'1000 Gigabytes is equal to 1 Terabyte; 1000 Terabytes is equal to 1 Petabyte; How many Gigabytes are in a Petabyte?'
would be [a. 1,000,000 Gigabytes]
or
'1024 Gibibytes is equal to 1 Tebibyte; 1024 Tebibytes is equal to 1 Pebibyte; How many Gibibytes are in a Pebibyte?'
would be [a. 1,048,576 Gibibytes]
If your going to use binary numbers, you should use binary prefixes. And by all means keep the answer in binary at the very least. The two can not be mixed with out conversion, which confuses the hell out of me thinking about converting from one to the other. I have to lay it all out in Excel to keep them straight.

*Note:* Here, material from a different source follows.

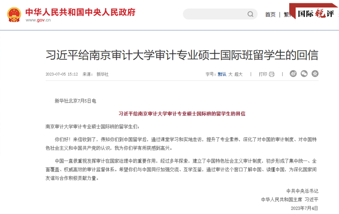 “當(dāng)?shù)弥?xí)主席給我們回信時,我非常激動、非常開心?;貒螅覍盐以谥袊鴮W(xué)到的審計知識,用到國家建設(shè)中?!?日,南京審計大學(xué)審計專業(yè)碩士國際班學(xué)生、來自馬拉維的吳娜,對中國中央廣播電視總臺的記者這樣說。
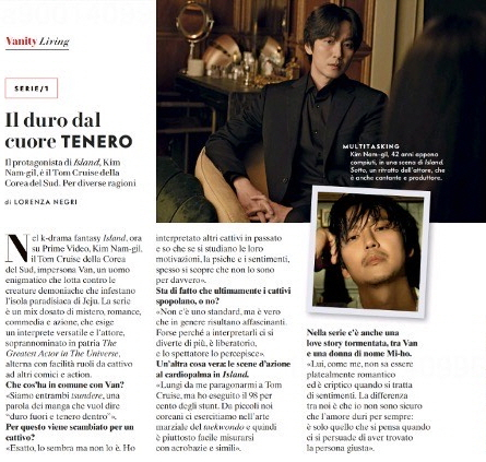 [김수진 스타뉴스 기자] 김남길이 글로벌 매거진 '베니티 페어(Vanity Fair) 이탈리아' 3월호 인터뷰를 진행했다. 출연중인 티빙 오리지널 시리즈 '아일랜드' 작품과 극 중 역할 '반'에 대해 이야기했다.

I don't really care about the naming issue, but 1024 * 1024 isn't 1,000,000. Sure, that's the closest answer, which is probably why people vote for it, but it's still completely and utterly wrong.
Frankly I dislike this naming scheme. Apart from being used to 'kilobyte' (which is what 1024 bytes were called for most of my life), Kibibyte just sounds silly, kawaii bytes, chibi-bytes. Perhaps I'm an old fart, but I just don't think the IEC made a good choice when proposing this.